Figure 4 CRE Margins of responses of the self-perceived health score according to income (standardised), visualised in steps of 9,737.517 euro (0.4) from zero (-1.1) to 87,637.651 euro (2.5). Four combinations of receiving and giving help are plotted, each from or to no other, and from or to at least one other. The legend specifies Receiving help and subsequently Giving help.
Figure 5 CRE Margins of responses of the self-perceived health score according to the level of life satisfaction, visualised in steps of one from zero to ten. Four combinations of receiving and giving help are plotted, each from or to no other, and from or to at least one other. The legend specifies Receiving help and subsequently Giving help.
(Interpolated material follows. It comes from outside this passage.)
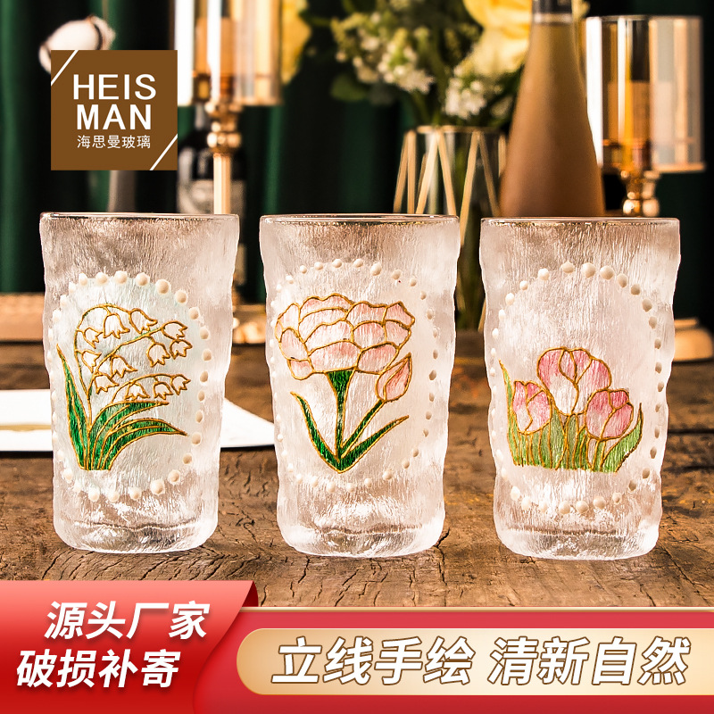 海思曼高颜値手描き氷河カップ立体花卉グラスネット赤フロストカップジュースカップ卸売り
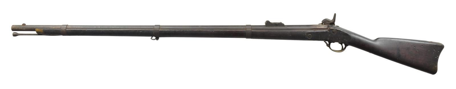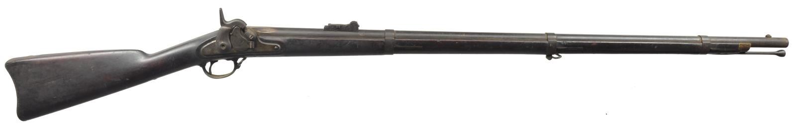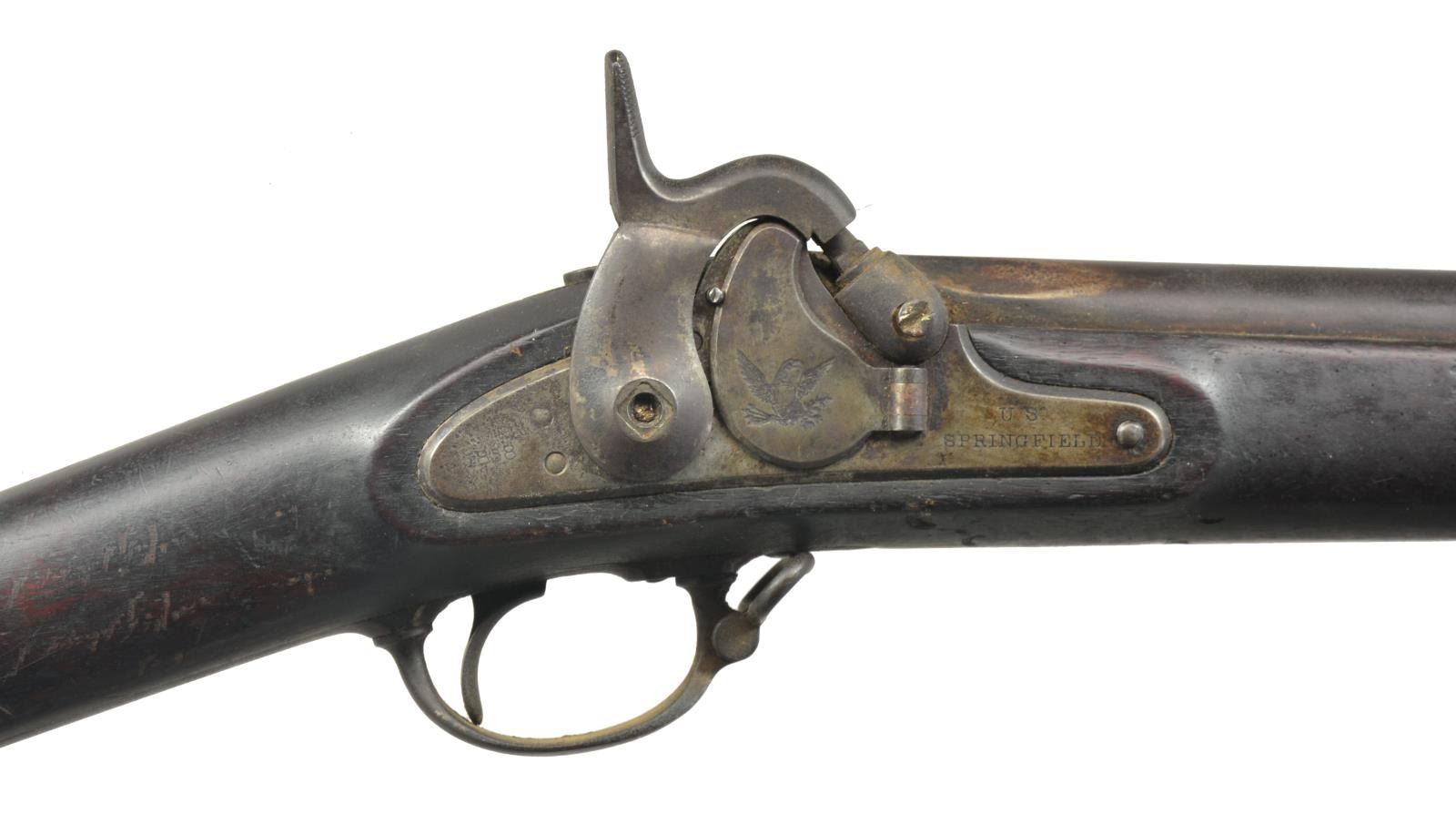 Cal. 58. NSN. Bbl. 40". Top flat at breech end is stamped "CO F / 9TH INF 105". Barleycorn front sight w/ graduated leaf rear sight. Springfield lock fitted w/ Maynard tape primer feed mechanism. Bbl. & lock are dated 1858. 3 Band walnut stock w/ iron fitting & tulip tipped ramrod. Left ear of stock has partially visible cartouches. CONDITION: bbl. has dark crusty appearance. Lock is partially cleaned w/ areas of dark appearance. Stock has dark aged appearance w/ scratches & marks having a series of sm. dents on left side w/ a crack extending from buttplate. Hammer will not hold in cocked position as sear is broken. Hammer screw is broken. Dark lightly pitted bore retaining largely intact rifling. (01-18342/DS). ANTIQUE. $700-1,100.

Table 8 illustrates that the predictive margins are consistently lower, i.e. reflecting better health status, for those who give help. The predictions are the same across imputed datasets, except for a varying third digit after the decimal point of two coefficients. As expected, receiving help is predicted to relate to a worse health status, i.e. a higher score.
Conclusion
Active ageing reflects a lifestyle which is beneficial for the health of older people. An important aspect of this lifestyle is the act of helping and its contribution to health. This study documents the value of giving help, which appears more beneficial for European older people who also receive help. As such, the act of giving help decreases the odds of reporting a less favourable health status by 17.1 percentage points. This finding suggests seizing the opportunity of stimulating older people who receive help, to also give help. This stimulus can be provided by caretakers, policymakers, family, and the like, as it is expected to improve the self-perceived health status overall.
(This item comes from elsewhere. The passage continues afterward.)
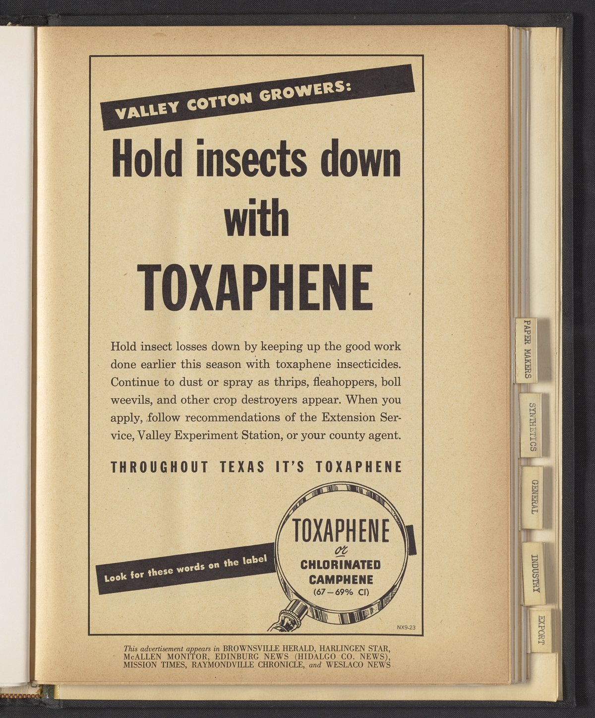 Hercules Incorporated. “Valley Cotton Growers: Hold Insects Down with Toxaphene.” 1949 Hercules Advertisements, 1949. Records of Hercules Incorporated, Volume 1949. Science History Institute. Philadelphia. https://digital.sciencehistory.org/works/ff365603d.

Statement of funding: The SHARE data collection has been funded by the European Commission, DG RTD through FP5 (QLK6-CT-2001-00360), FP6 (SHARE-I3: RII-CT-2006-062193, COMPARE: CIT5-CT-2005-028857, SHARELIFE: CIT4-CT-2006-028812), FP7 (SHARE-PREP: GA N°211909, SHARE-LEAP: GA N°227822, SHARE M4: GA N°261982, DASISH: GA N°283646) and Horizon 2020 (SHARE-DEV3: GA N°676536, SHARE-COHESION: GA N°870628, SERISS: GA N°654221, SSHOC: GA N°823782, SHARE-COVID-19: GA N°101015924) and by DG Employment, Social Affairs & Inclusion through VS 2015/0195, VS 2016/0135, VS 2018/0285, VS 2019/0332, VS 2020/0313, SHARE-EUCOV: GA N°101052589 and EUCOVII: GA N°101102412. Additional funding from the German Federal Ministry of Research, Technology and Space (01UW1301, 01UW1801, 01UW2202), the Max Planck Society for the Advancement of Science, the U.S. National Institute on Aging (U01_AG09740-13S2, P01_AG005842, P01_AG08291, P30_AG12815, R21_AG025169, Y1-AG-4553-01, IAG_BSR06-11, OGHA_04-064, BSR12-04, R01_AG052527-02, R01_AG056329-02, R01_AG063944, HHSN271201300071C, RAG052527A) and from various national funding sources is gratefully acknowledged (see
www.share-eric.eu).
Materials and Code availability: To provide insight into the longitudinal analysis completed in this article, do- and log-files of Stata are available via
https://github.com/hansgevers/thevalueofahelpinghand.git. Additionally, the illustrations included in this paper, as well as the graphs of the calibrated longitudinal weights versus the design weights per country for imputed dataset one, are available via the hyperlink.
Statement of competing interests: There are no conflicts of interest. The content of this article solely relies on the view of the author.